=== RECORDS SHOWN ===
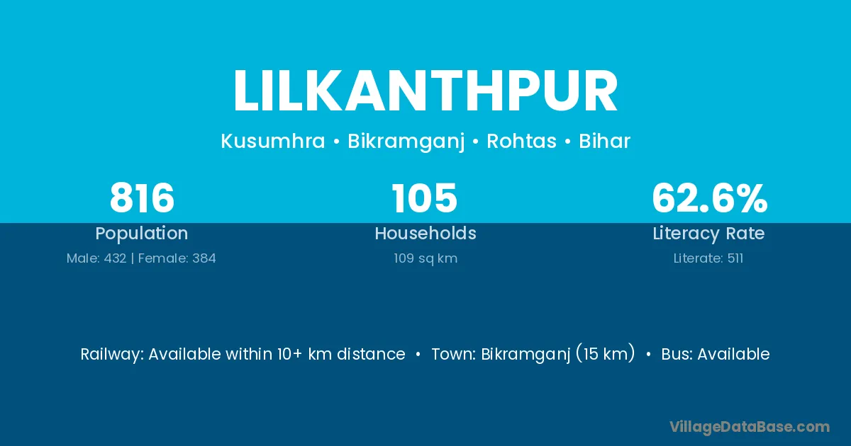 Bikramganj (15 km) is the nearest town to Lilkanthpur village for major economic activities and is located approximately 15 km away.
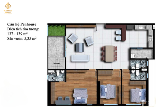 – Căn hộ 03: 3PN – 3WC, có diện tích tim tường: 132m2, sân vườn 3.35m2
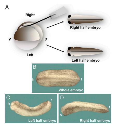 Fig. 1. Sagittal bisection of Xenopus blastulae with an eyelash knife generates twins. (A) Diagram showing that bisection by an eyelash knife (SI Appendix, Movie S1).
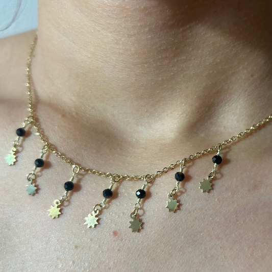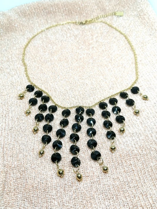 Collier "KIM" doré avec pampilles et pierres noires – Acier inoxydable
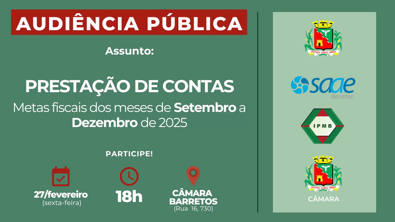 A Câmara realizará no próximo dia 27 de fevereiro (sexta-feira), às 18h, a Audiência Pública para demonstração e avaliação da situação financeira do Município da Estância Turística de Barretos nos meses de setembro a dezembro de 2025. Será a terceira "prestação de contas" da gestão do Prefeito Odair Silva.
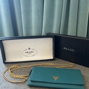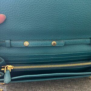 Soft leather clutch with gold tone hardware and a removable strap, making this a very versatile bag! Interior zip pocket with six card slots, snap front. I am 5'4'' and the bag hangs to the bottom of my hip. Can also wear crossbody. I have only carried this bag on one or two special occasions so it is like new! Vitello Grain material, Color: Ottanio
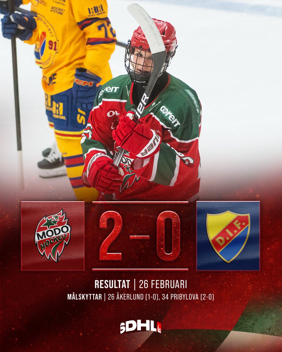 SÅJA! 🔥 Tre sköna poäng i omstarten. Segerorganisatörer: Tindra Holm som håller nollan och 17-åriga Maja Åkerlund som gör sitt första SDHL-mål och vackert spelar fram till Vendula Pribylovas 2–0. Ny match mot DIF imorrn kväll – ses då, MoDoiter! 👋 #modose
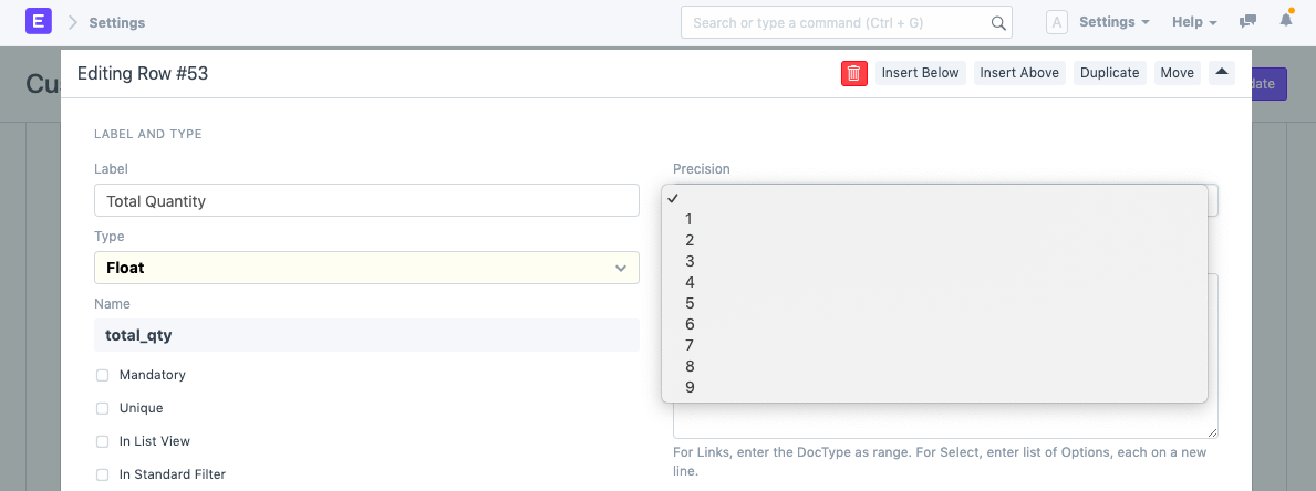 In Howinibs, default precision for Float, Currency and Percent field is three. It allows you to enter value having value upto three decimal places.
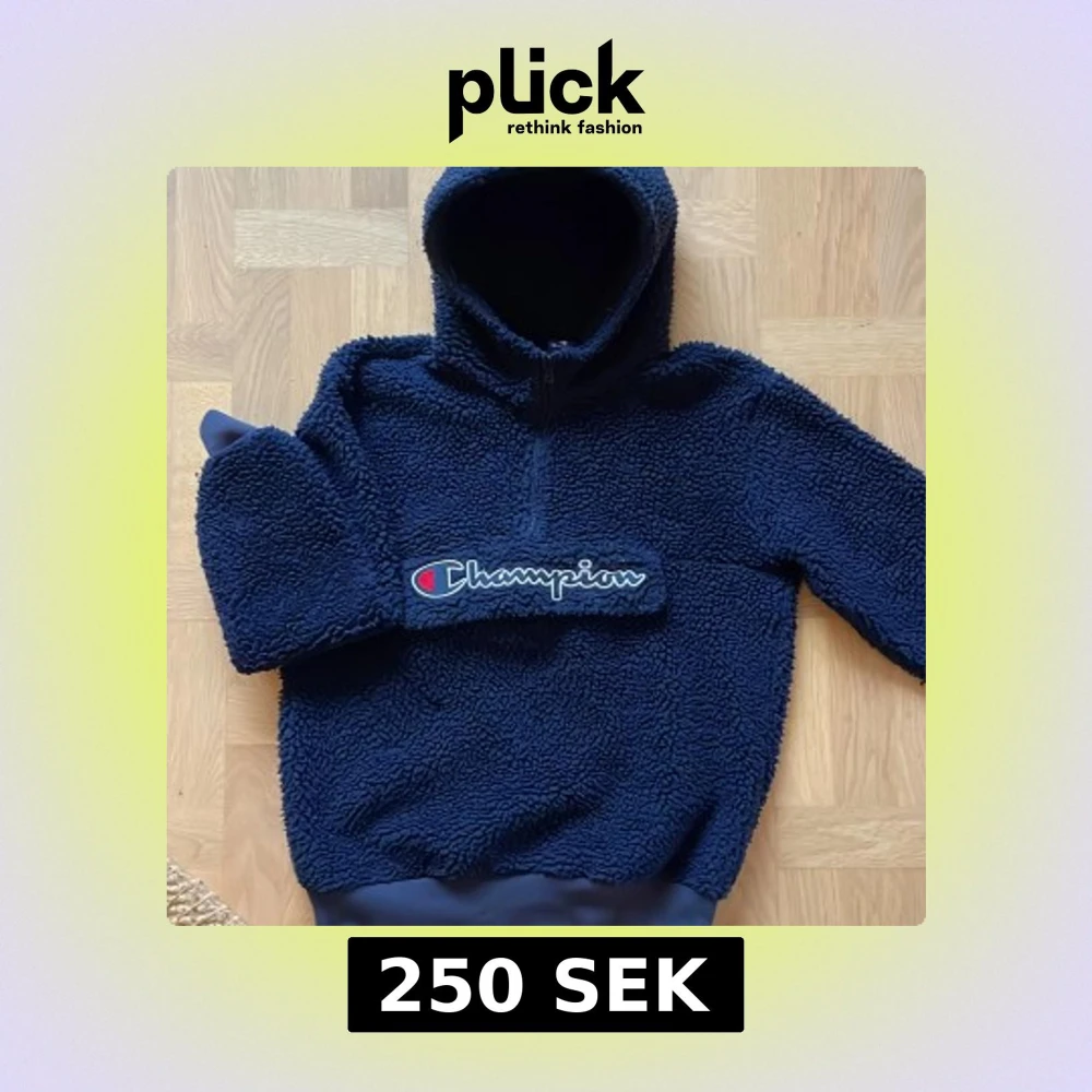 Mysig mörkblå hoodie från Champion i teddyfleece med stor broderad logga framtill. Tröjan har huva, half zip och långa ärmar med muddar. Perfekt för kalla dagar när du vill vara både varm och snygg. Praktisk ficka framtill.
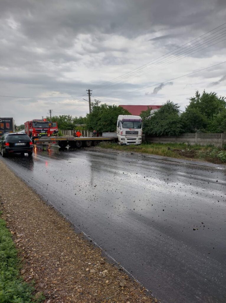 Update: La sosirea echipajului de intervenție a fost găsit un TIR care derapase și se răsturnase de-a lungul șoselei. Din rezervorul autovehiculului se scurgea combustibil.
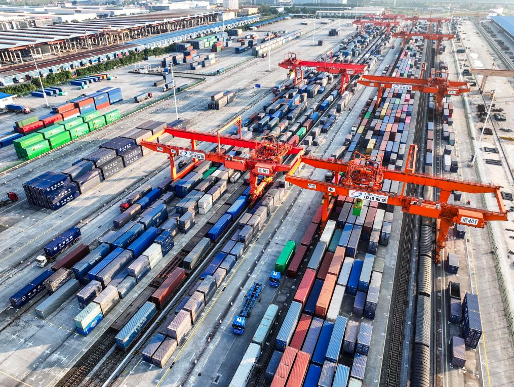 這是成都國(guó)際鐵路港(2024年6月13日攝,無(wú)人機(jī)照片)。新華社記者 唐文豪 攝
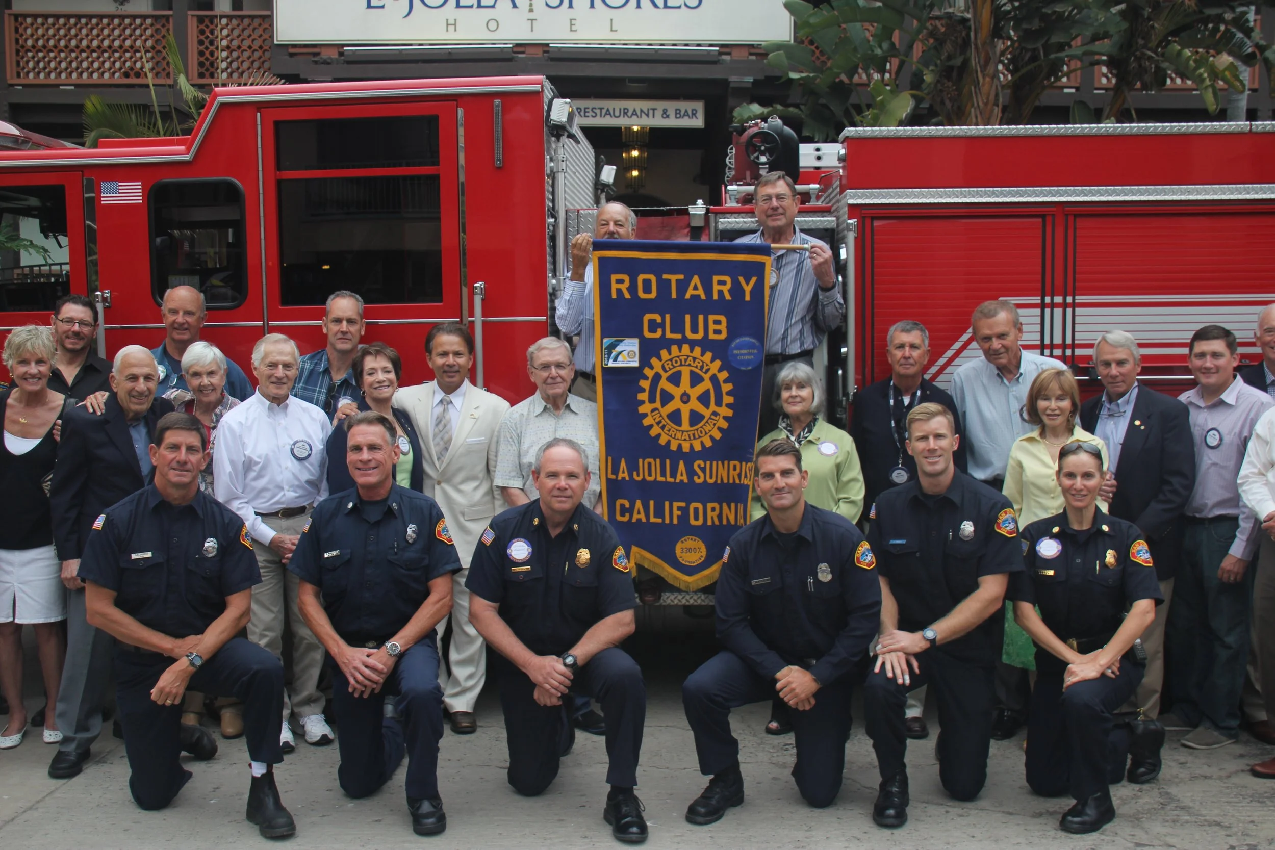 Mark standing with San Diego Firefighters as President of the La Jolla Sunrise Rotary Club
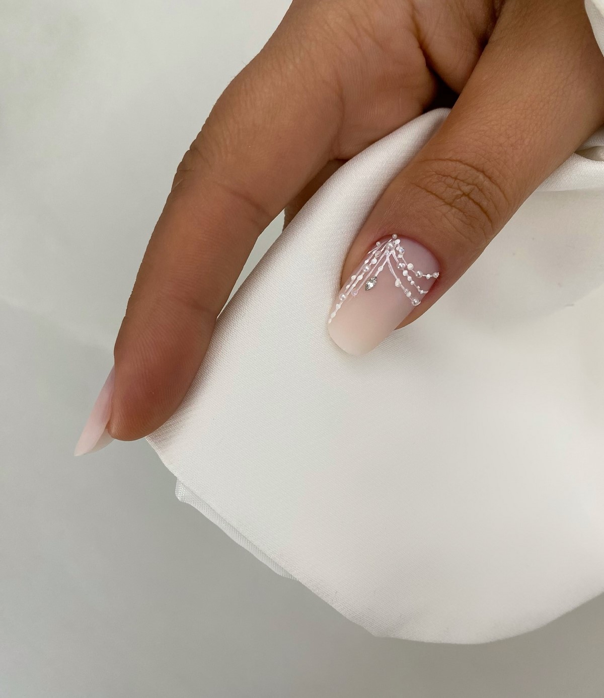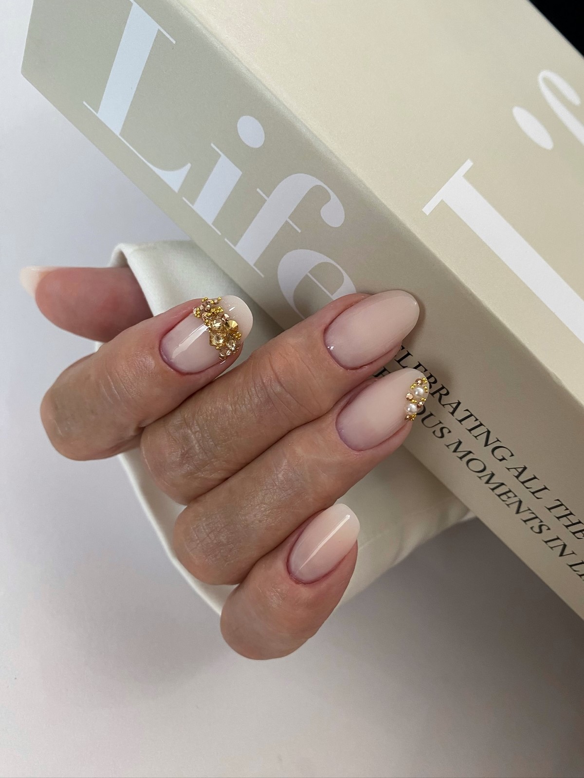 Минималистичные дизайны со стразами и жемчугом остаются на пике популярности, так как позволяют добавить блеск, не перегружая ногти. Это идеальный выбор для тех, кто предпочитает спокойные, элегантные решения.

=== WORK TASK ===
Could you transcribe every entry exactly, leaving out the pictures?

=== TASK OUTPUT ===
 Bikramganj (15 km) is the nearest town to Lilkanthpur village for major economic activities and is located approximately 15 km away.
 – Căn hộ 03: 3PN – 3WC, có diện tích tim tường: 132m2, sân vườn 3.35m2
 Fig. 1. Sagittal bisection of Xenopus blastulae with an eyelash knife generates twins. (A) Diagram showing that bisection by an eyelash knife (SI Appendix, Movie S1).
 Collier "KIM" doré avec pampilles et pierres noires – Acier inoxydable
 A Câmara realizará no próximo dia 27 de fevereiro (sexta-feira), às 18h, a Audiência Pública para demonstração e avaliação da situação financeira do Município da Estância Turística de Barretos nos meses de setembro a dezembro de 2025. Será a terceira "prestação de contas" da gestão do Prefeito Odair Silva.
 Soft leather clutch with gold tone hardware and a removable strap, making this a very versatile bag! Interior zip pocket with six card slots, snap front. I am 5'4'' and the bag hangs to the bottom of my hip. Can also wear crossbody. I have only carried this bag on one or two special occasions so it is like new! Vitello Grain material, Color: Ottanio
 SÅJA! 🔥 Tre sköna poäng i omstarten. Segerorganisatörer: Tindra Holm som håller nollan och 17-åriga Maja Åkerlund som gör sitt första SDHL-mål och vackert spelar fram till Vendula Pribylovas 2–0. Ny match mot DIF imorrn kväll – ses då, MoDoiter! 👋 #modose
 In Howinibs, default precision for Float, Currency and Percent field is three. It allows you to enter value having value upto three decimal places.
 Mysig mörkblå hoodie från Champion i teddyfleece med stor broderad logga framtill. Tröjan har huva, half zip och långa ärmar med muddar. Perfekt för kalla dagar när du vill vara både varm och snygg. Praktisk ficka framtill.
 Update: La sosirea echipajului de intervenție a fost găsit un TIR care derapase și se răsturnase de-a lungul șoselei. Din rezervorul autovehiculului se scurgea combustibil.
 這是成都國(guó)際鐵路港(2024年6月13日攝,無(wú)人機(jī)照片)。新華社記者 唐文豪 攝
 Mark standing with San Diego Firefighters as President of the La Jolla Sunrise Rotary Club
 Минималистичные дизайны со стразами и жемчугом остаются на пике популярности, так как позволяют добавить блеск, не перегружая ногти. Это идеальный выбор для тех, кто предпочитает спокойные, элегантные решения.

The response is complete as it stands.